▶ _RECORD EXTRACTS_:

- Opening Delimiter -

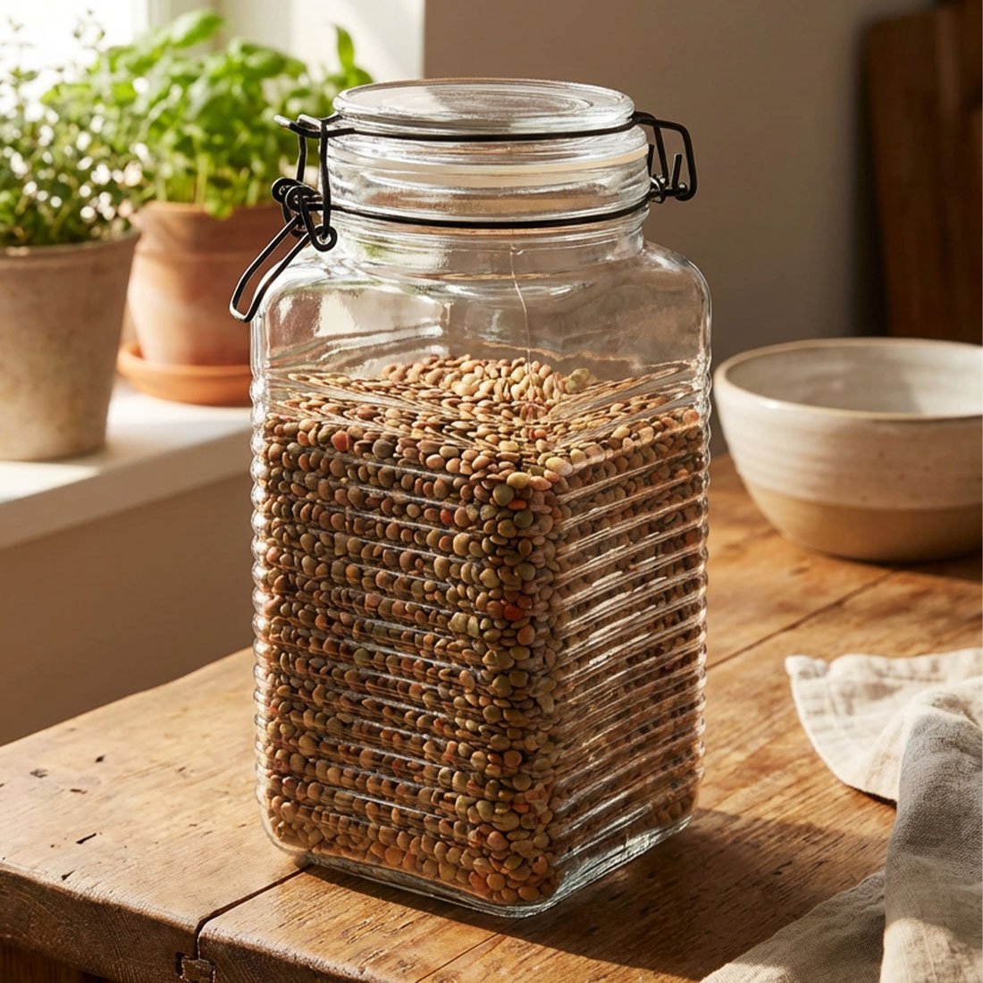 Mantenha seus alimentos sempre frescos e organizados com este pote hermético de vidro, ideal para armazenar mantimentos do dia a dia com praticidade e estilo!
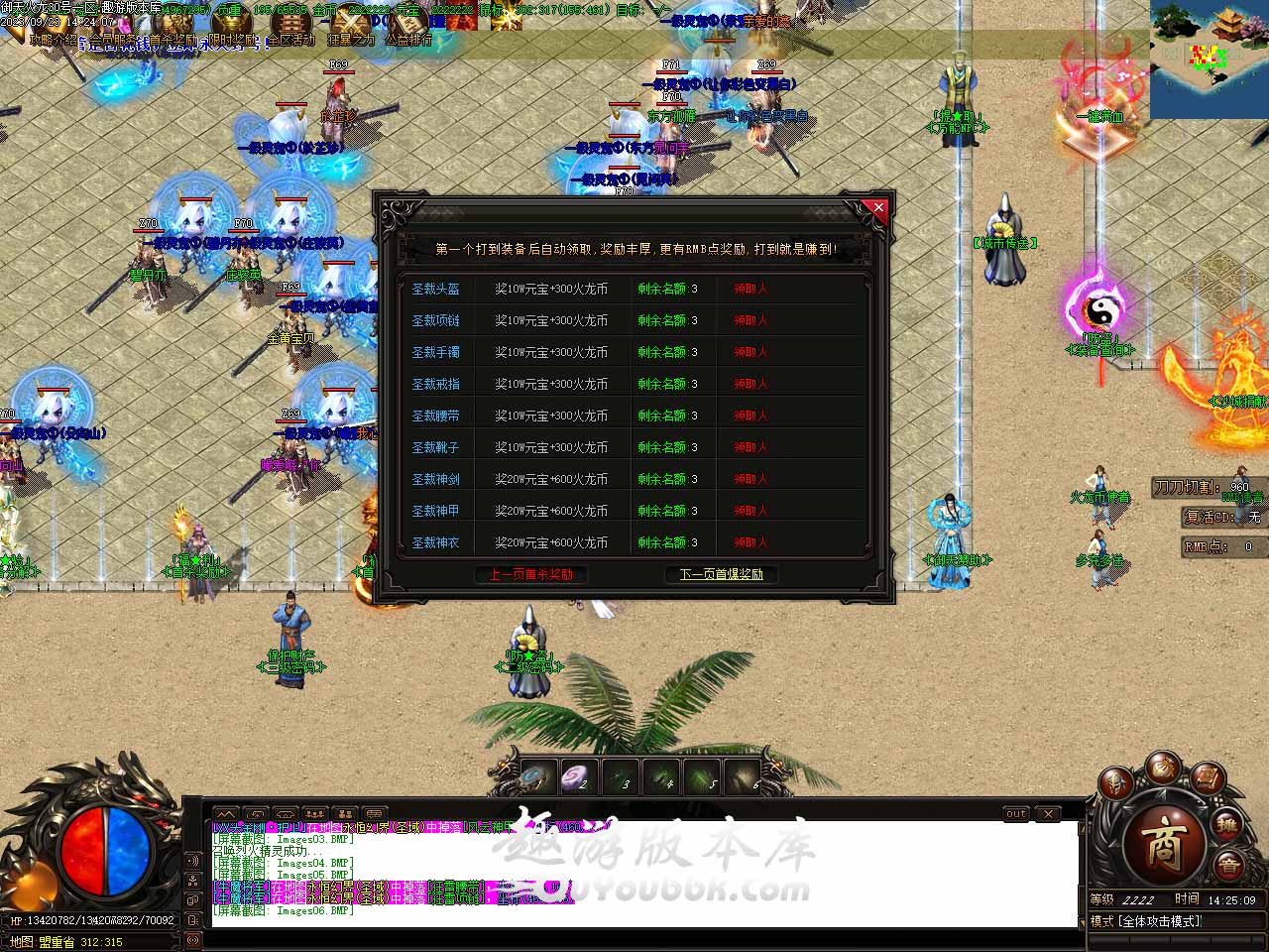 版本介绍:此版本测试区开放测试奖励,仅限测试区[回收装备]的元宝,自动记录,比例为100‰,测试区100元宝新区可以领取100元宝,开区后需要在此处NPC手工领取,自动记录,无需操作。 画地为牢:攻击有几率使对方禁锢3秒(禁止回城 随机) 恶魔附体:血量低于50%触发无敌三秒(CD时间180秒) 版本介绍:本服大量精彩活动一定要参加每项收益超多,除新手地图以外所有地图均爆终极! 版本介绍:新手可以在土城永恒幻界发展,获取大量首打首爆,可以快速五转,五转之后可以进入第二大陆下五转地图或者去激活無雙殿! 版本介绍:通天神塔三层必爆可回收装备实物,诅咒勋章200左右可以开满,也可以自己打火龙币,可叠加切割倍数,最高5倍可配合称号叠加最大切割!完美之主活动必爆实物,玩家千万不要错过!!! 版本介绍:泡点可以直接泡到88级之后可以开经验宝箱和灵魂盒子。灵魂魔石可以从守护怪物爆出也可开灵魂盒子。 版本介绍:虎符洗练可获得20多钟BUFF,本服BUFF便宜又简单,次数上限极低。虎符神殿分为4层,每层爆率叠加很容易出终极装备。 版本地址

- Closing Delimiter -
- Opening Delimiter -

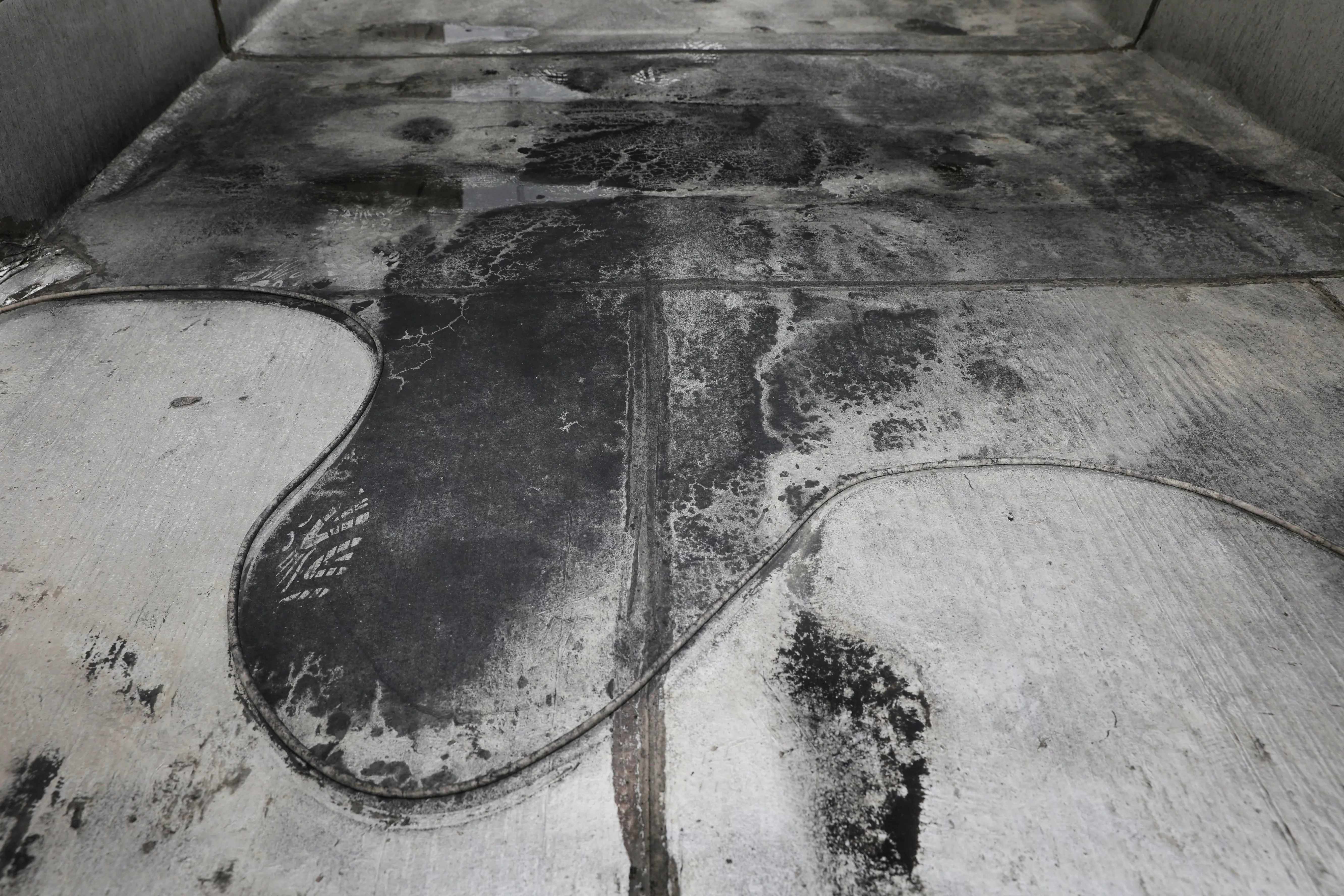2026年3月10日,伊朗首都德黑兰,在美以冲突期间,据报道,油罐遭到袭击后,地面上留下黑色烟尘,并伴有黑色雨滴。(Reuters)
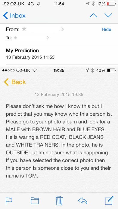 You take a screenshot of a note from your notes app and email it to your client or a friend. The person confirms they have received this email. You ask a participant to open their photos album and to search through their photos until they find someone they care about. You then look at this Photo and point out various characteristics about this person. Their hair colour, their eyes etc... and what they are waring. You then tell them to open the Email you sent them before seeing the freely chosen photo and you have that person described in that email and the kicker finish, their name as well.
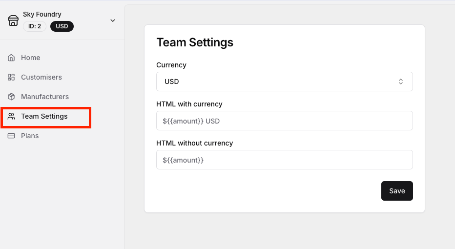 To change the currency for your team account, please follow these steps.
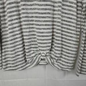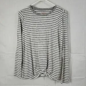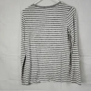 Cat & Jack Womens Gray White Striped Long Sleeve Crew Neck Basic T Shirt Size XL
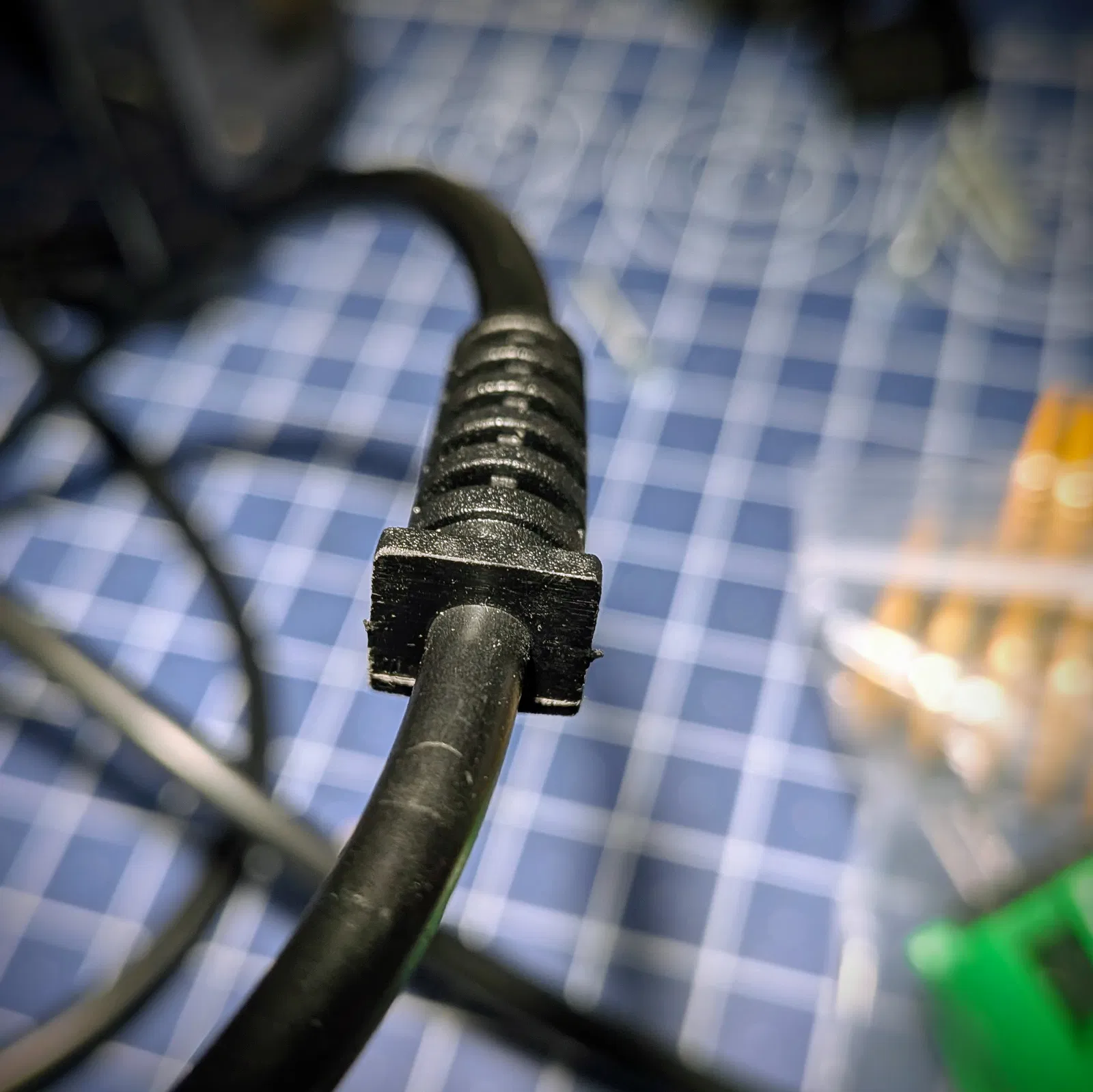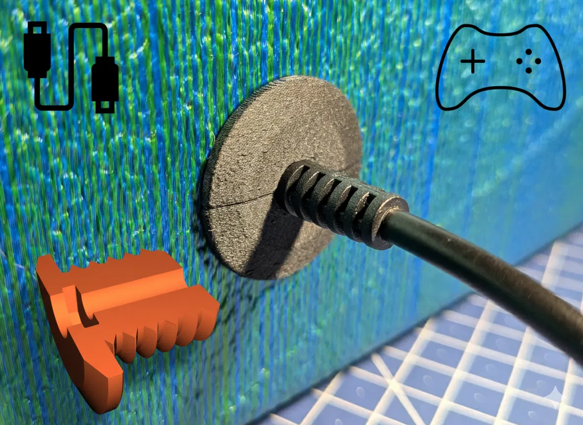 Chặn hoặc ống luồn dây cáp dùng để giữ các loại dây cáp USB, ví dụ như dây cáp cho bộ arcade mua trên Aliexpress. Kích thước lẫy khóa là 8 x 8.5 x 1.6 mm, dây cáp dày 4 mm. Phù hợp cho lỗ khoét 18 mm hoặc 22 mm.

- Closing Delimiter -

▶ _AIM OF THE TASK_: Exact copy, no pictures. Write out the lines in the entries above, starting with the line with "You take a screenshot" and going on through the line with "Chặn hoặc ống", keeping both.

▶ _RESPONSE TO THIS EXERCISE_:
 You take a screenshot of a note from your notes app and email it to your client or a friend. The person confirms they have received this email. You ask a participant to open their photos album and to search through their photos until they find someone they care about. You then look at this Photo and point out various characteristics about this person. Their hair colour, their eyes etc... and what they are waring. You then tell them to open the Email you sent them before seeing the freely chosen photo and you have that person described in that email and the kicker finish, their name as well.
 To change the currency for your team account, please follow these steps.
 Cat & Jack Womens Gray White Striped Long Sleeve Crew Neck Basic T Shirt Size XL
 Chặn hoặc ống luồn dây cáp dùng để giữ các loại dây cáp USB, ví dụ như dây cáp cho bộ arcade mua trên Aliexpress. Kích thước lẫy khóa là 8 x 8.5 x 1.6 mm, dây cáp dày 4 mm. Phù hợp cho lỗ khoét 18 mm hoặc 22 mm.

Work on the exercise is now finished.